**Task requirements**
Please write out the full listing beneath this line exactly, skipping its images.

**Supplied material**
((

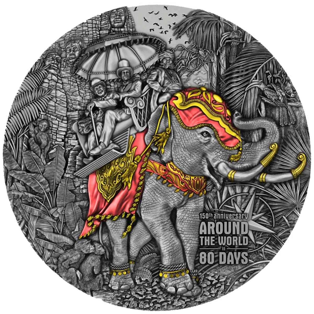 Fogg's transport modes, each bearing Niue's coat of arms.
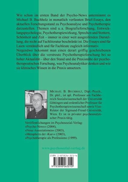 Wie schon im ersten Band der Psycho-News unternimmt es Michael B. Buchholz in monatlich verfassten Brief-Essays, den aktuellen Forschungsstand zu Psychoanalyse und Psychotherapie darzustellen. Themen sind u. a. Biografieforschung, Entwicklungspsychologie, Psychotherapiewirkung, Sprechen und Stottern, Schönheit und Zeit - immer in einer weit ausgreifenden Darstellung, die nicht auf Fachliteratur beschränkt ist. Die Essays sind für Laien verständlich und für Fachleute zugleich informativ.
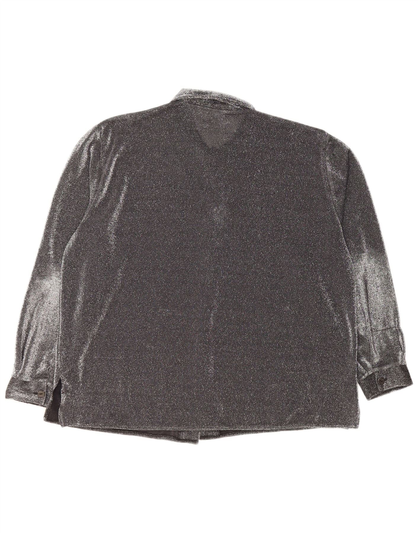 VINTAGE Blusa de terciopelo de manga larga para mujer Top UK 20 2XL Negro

))

**Reply**
 Fogg's transport modes, each bearing Niue's coat of arms.
 Wie schon im ersten Band der Psycho-News unternimmt es Michael B. Buchholz in monatlich verfassten Brief-Essays, den aktuellen Forschungsstand zu Psychoanalyse und Psychotherapie darzustellen. Themen sind u. a. Biografieforschung, Entwicklungspsychologie, Psychotherapiewirkung, Sprechen und Stottern, Schönheit und Zeit - immer in einer weit ausgreifenden Darstellung, die nicht auf Fachliteratur beschränkt ist. Die Essays sind für Laien verständlich und für Fachleute zugleich informativ.
 VINTAGE Blusa de terciopelo de manga larga para mujer Top UK 20 2XL Negro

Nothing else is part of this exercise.